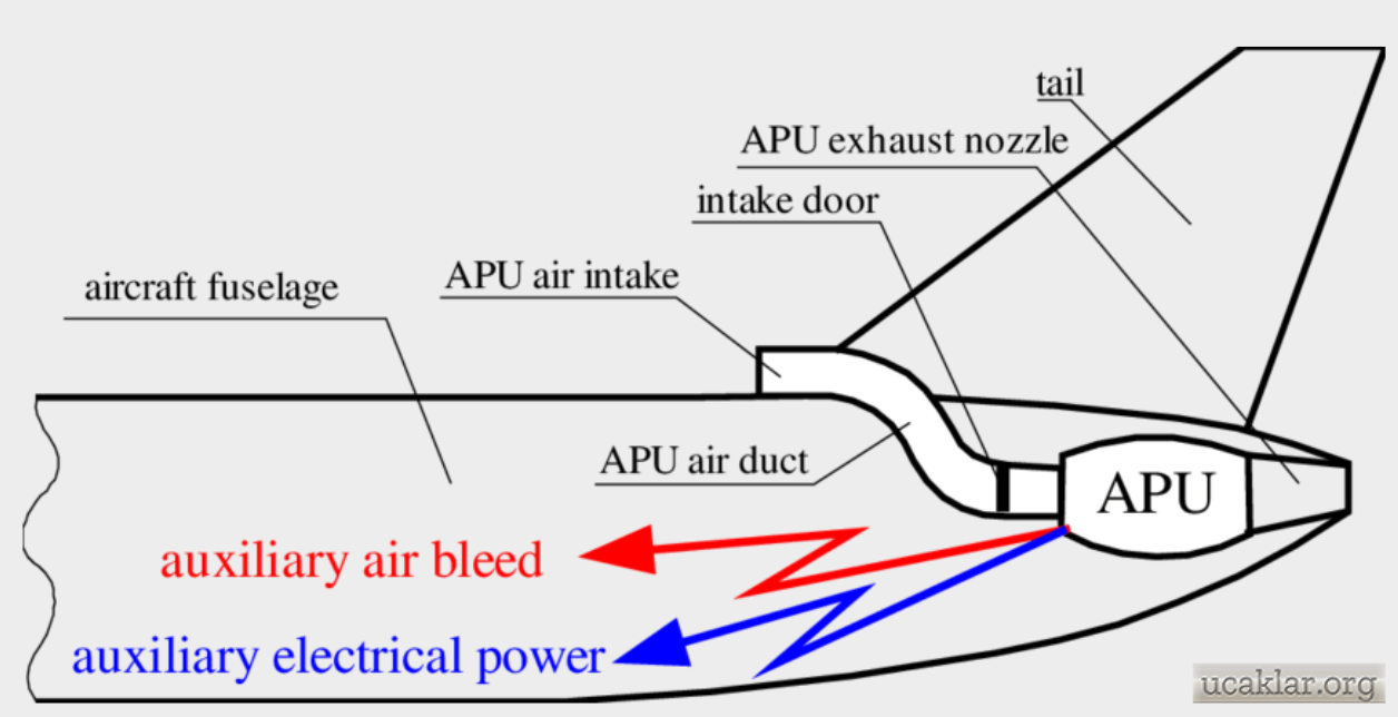- APU, hava sıkıştırma sistemlerini çalıştırarak kabin içi sıcaklık ve havalandırmayı düzenler.
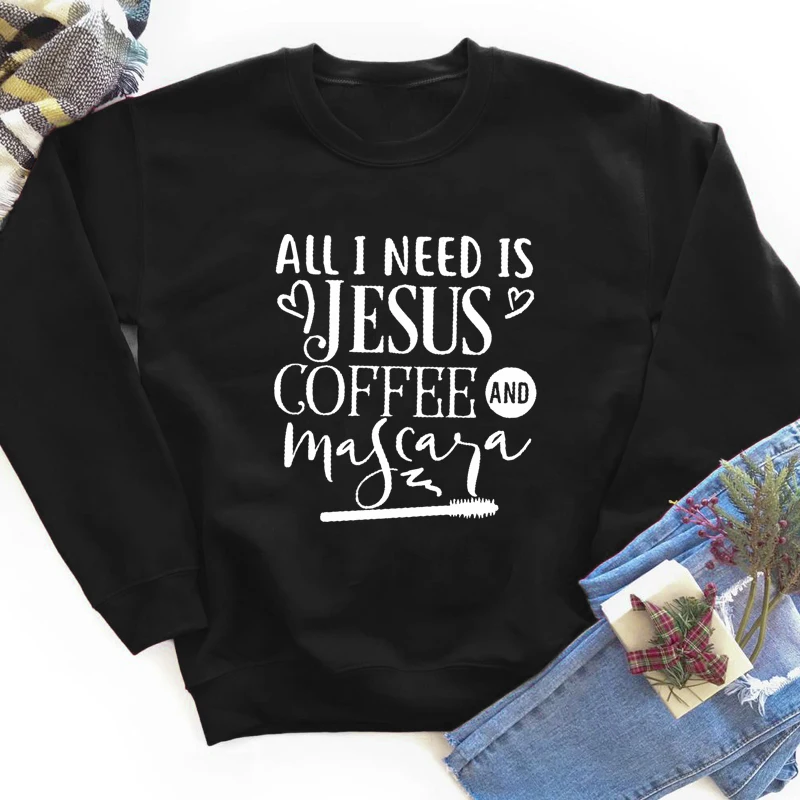 Все, что мне нужно, это кофейный свитшот с Иисусом и тушью для ресниц, Смешные Пуловеры для макияжа, женские Религиозные христианские свитшоты
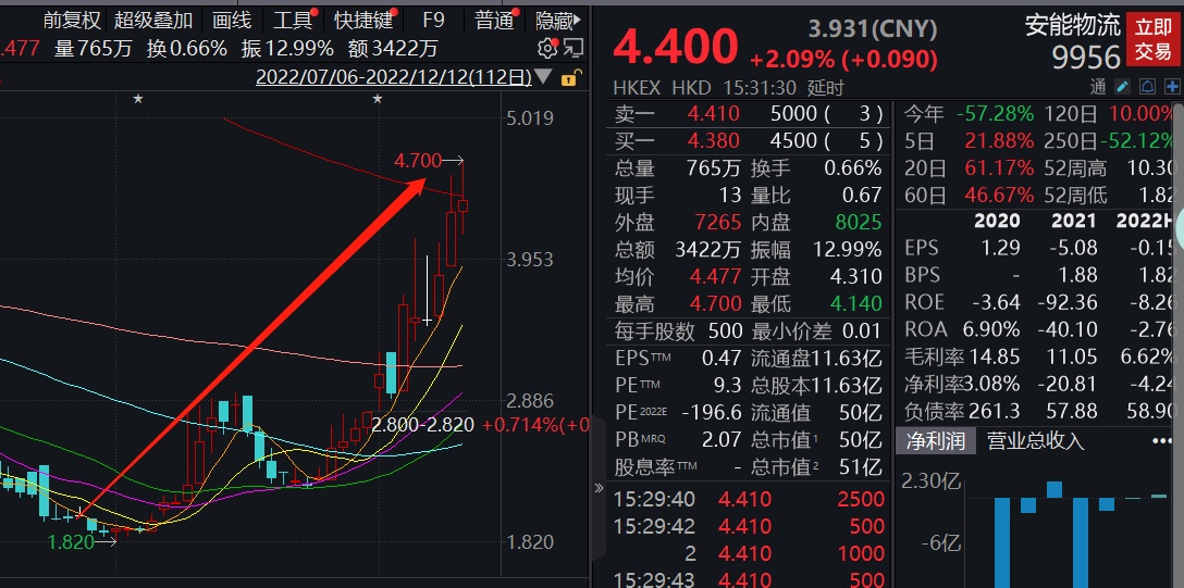 由于防疫政策的放宽,明年经济复苏已是大概率事件,当前的资本市场也开始调仓换股,布局“复苏线”,资金逐渐向消费、旅游、出行、物流等板块聚集。其中,零担快运领域的龙头企业安能物流获资金青睐,股价表现尤为突出。
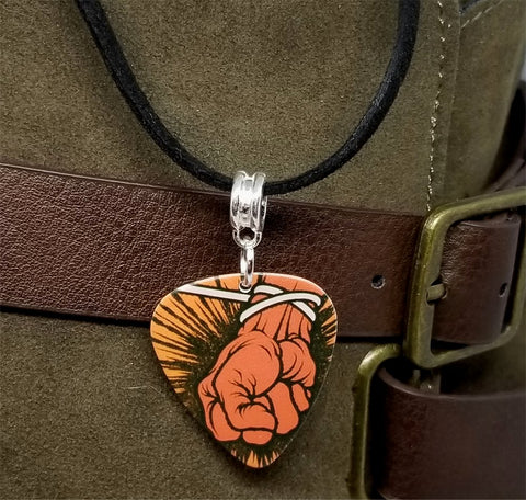 This necklace is made with a Metallica St Anger guitar pick as the pendant. The front of the pick is the album artwork, and the back of the pick says "Metallica" in white and their iconic logo. I also used black sueded cord.
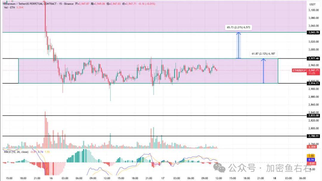 ETH closed with a bearish doji candlestick on the daily chart, clearly indicating a downtrend. The pattern is lower highs followed by lower lows, with the previous high at 3177. Approaching this level presents an opportunity. The lower Bollinger Band is gradually widening downwards, opening up further downside potential. The intraday strategy remains primarily shorting on rallies.
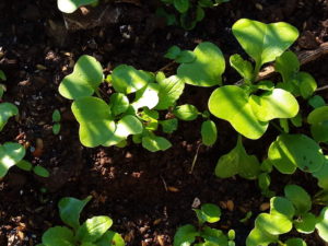 (左)ほうれん草も丸い本葉が出て来ました。
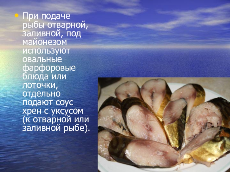 При подаче рыбы отварной, заливной, под майонезом используют овальные фарфоровые
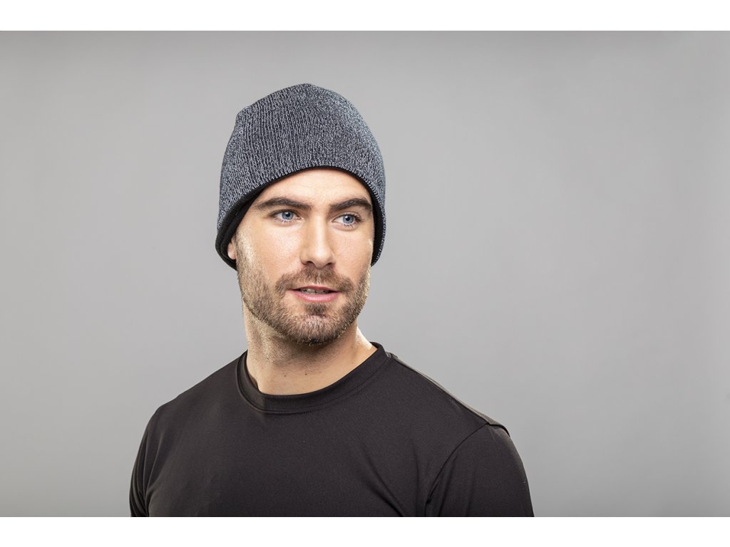 Sportovní zimní čepice z akrylu z reflexního materiálu a podšívkou z polar fleecu.
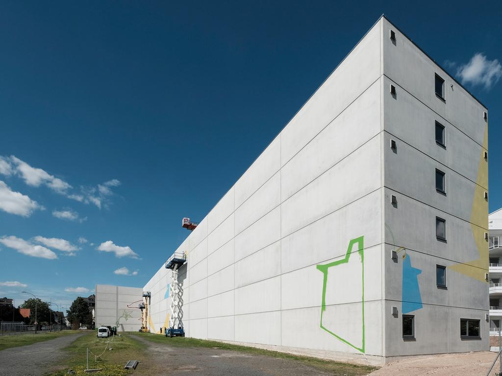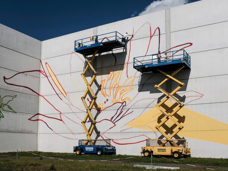 In Kooperation mit dem Künstler Patrick Borchers stellten wir in Gießen ein riesiges Projekt auf die Beine. Die grafische Idee des Künstlers wurde in zweieinhalb Tagen an der gigantischen Brandschutzwand umgesetzt. Die Abmessungen betrugen 16 x 130 Meter. Das entspricht circa 2100 Quadratmeter.
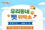 시민행정신문 강갑수 기자 | 서울 용산구가 경제적 어려움이나 입원 등으로 장기간 집을 비워야 하는 상황에서 반려동물을 돌보지 못하는 취약계층의 부담을 덜기 위해 ‘2026 우리동네 펫 위탁소’ 사업을 추진한다. 취약계층은 반려동물 돌봄 공백이 유기나 방치로 이어질 가능성이 높다는 점에서, 안전한 보호 체계를 구축하고 반려동물과 보호자가 함께 안정적인 생활을 이어갈 수 있도록 지원한다는 방침이다. 이번 사업은 올해 12월까지 운영하며, 지역 내 주민등록을 둔 취약계층을 대상으로 한다. 지원 대상은 ▲기초생활수급자 ▲차상위계층 ▲한부모가족 ▲범죄피해자 ▲1인가구 등이며, 동물등록이 완료된 반려동물에 대해 위탁보호 비용을 지원한다. 지원 기간은 최대 10일이며, 1인가구는 소득 기준과 관계없이 반기별 5일까지 이용할 수 있다. 지원 금액은 반려동물의 무게와 종에 따라 차등 적용한다. 반려견의 경우 ▲4kg 미만, 1일 3만 원 ▲4kg 이상 20kg 미만, 4만 원 ▲20kg 이상, 5만 원이며, 반려묘는 무게와 관계없이 1일 5만 원을 지원한다. 지원 기준을 초과하는 기간에 대해서는 보호자가 비용을 부담한다. &n
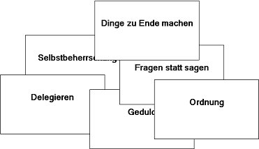 Der entscheidende Punkt ist dabei weniger die Karte im Geldbeutel, als der Auswahlprozess: DAS ist gerade MEIN Thema!Im Sinne einer höheren emotionalen Ladung und gleichzeitig eines geringeren "Offenbarungsrisikos" Dritten gegenüber ist auch eine symbolische Umsetzung des Begriffes auf der Karte möglich. Im Verlauf eines Coaching-Prozesses kann so ein ganz individueller Satz aus wechselnden Karten entstehen.
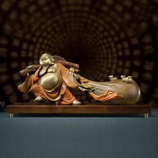 Hình ảnh Phật Di Lặc gánh túi lộc biểu trưng cho tài sản, sự phú quý và giàu sang. Theo phong thủy, việc đặt tượng trong nhà hoặc văn phòng giúp gia chủ thu hút vận may, kích hoạt năng lượng tài lộc, đồng thời mang đến sự an khang thịnh vượng cho cả gia đình.
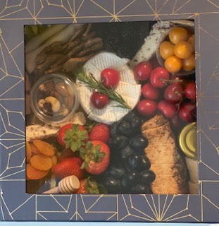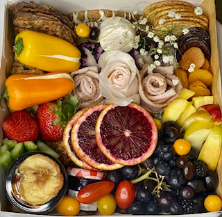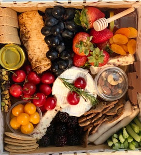 Chicken, turkey, assorted fresh and dried fruits, nuts, assorted crackers, wafers, chips, assorted vegetables, olives, jam, assorted crackers, biscuits, chips, assorted cheeses, assorted cookies and chocolates; Wine or Champagne Split
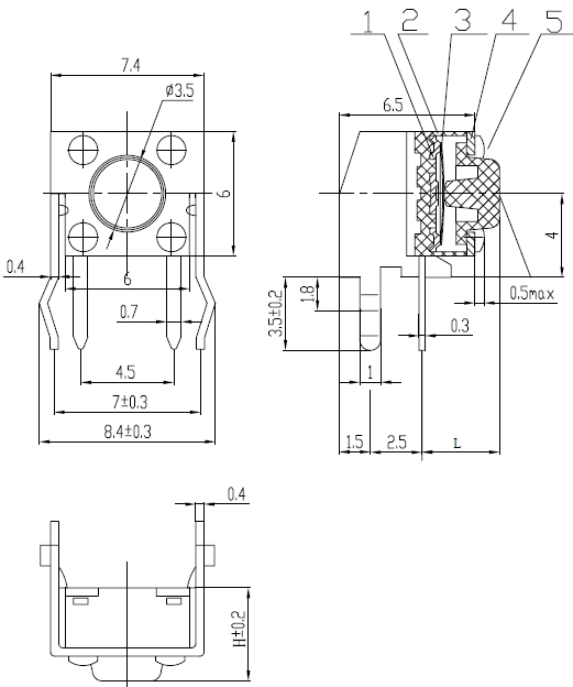 产品规格:6×6×L/L=3.15mm-19.85mm

---*---

*PROBLEM TO SOLVE*. The entries are to be copied exactly, and each image is to be omitted.

*RESPONSE*.
- APU, hava sıkıştırma sistemlerini çalıştırarak kabin içi sıcaklık ve havalandırmayı düzenler.
 Все, что мне нужно, это кофейный свитшот с Иисусом и тушью для ресниц, Смешные Пуловеры для макияжа, женские Религиозные христианские свитшоты
 由于防疫政策的放宽,明年经济复苏已是大概率事件,当前的资本市场也开始调仓换股,布局“复苏线”,资金逐渐向消费、旅游、出行、物流等板块聚集。其中,零担快运领域的龙头企业安能物流获资金青睐,股价表现尤为突出。
 This necklace is made with a Metallica St Anger guitar pick as the pendant. The front of the pick is the album artwork, and the back of the pick says "Metallica" in white and their iconic logo. I also used black sueded cord.
 ETH closed with a bearish doji candlestick on the daily chart, clearly indicating a downtrend. The pattern is lower highs followed by lower lows, with the previous high at 3177. Approaching this level presents an opportunity. The lower Bollinger Band is gradually widening downwards, opening up further downside potential. The intraday strategy remains primarily shorting on rallies.
 (左)ほうれん草も丸い本葉が出て来ました。
 При подаче рыбы отварной, заливной, под майонезом используют овальные фарфоровые
 Sportovní zimní čepice z akrylu z reflexního materiálu a podšívkou z polar fleecu.
 In Kooperation mit dem Künstler Patrick Borchers stellten wir in Gießen ein riesiges Projekt auf die Beine. Die grafische Idee des Künstlers wurde in zweieinhalb Tagen an der gigantischen Brandschutzwand umgesetzt. Die Abmessungen betrugen 16 x 130 Meter. Das entspricht circa 2100 Quadratmeter.
 시민행정신문 강갑수 기자 | 서울 용산구가 경제적 어려움이나 입원 등으로 장기간 집을 비워야 하는 상황에서 반려동물을 돌보지 못하는 취약계층의 부담을 덜기 위해 ‘2026 우리동네 펫 위탁소’ 사업을 추진한다. 취약계층은 반려동물 돌봄 공백이 유기나 방치로 이어질 가능성이 높다는 점에서, 안전한 보호 체계를 구축하고 반려동물과 보호자가 함께 안정적인 생활을 이어갈 수 있도록 지원한다는 방침이다. 이번 사업은 올해 12월까지 운영하며, 지역 내 주민등록을 둔 취약계층을 대상으로 한다. 지원 대상은 ▲기초생활수급자 ▲차상위계층 ▲한부모가족 ▲범죄피해자 ▲1인가구 등이며, 동물등록이 완료된 반려동물에 대해 위탁보호 비용을 지원한다. 지원 기간은 최대 10일이며, 1인가구는 소득 기준과 관계없이 반기별 5일까지 이용할 수 있다. 지원 금액은 반려동물의 무게와 종에 따라 차등 적용한다. 반려견의 경우 ▲4kg 미만, 1일 3만 원 ▲4kg 이상 20kg 미만, 4만 원 ▲20kg 이상, 5만 원이며, 반려묘는 무게와 관계없이 1일 5만 원을 지원한다. 지원 기준을 초과하는 기간에 대해서는 보호자가 비용을 부담한다. &n
 Der entscheidende Punkt ist dabei weniger die Karte im Geldbeutel, als der Auswahlprozess: DAS ist gerade MEIN Thema!Im Sinne einer höheren emotionalen Ladung und gleichzeitig eines geringeren "Offenbarungsrisikos" Dritten gegenüber ist auch eine symbolische Umsetzung des Begriffes auf der Karte möglich. Im Verlauf eines Coaching-Prozesses kann so ein ganz individueller Satz aus wechselnden Karten entstehen.
 Hình ảnh Phật Di Lặc gánh túi lộc biểu trưng cho tài sản, sự phú quý và giàu sang. Theo phong thủy, việc đặt tượng trong nhà hoặc văn phòng giúp gia chủ thu hút vận may, kích hoạt năng lượng tài lộc, đồng thời mang đến sự an khang thịnh vượng cho cả gia đình.
 Chicken, turkey, assorted fresh and dried fruits, nuts, assorted crackers, wafers, chips, assorted vegetables, olives, jam, assorted crackers, biscuits, chips, assorted cheeses, assorted cookies and chocolates; Wine or Champagne Split
 产品规格:6×6×L/L=3.15mm-19.85mm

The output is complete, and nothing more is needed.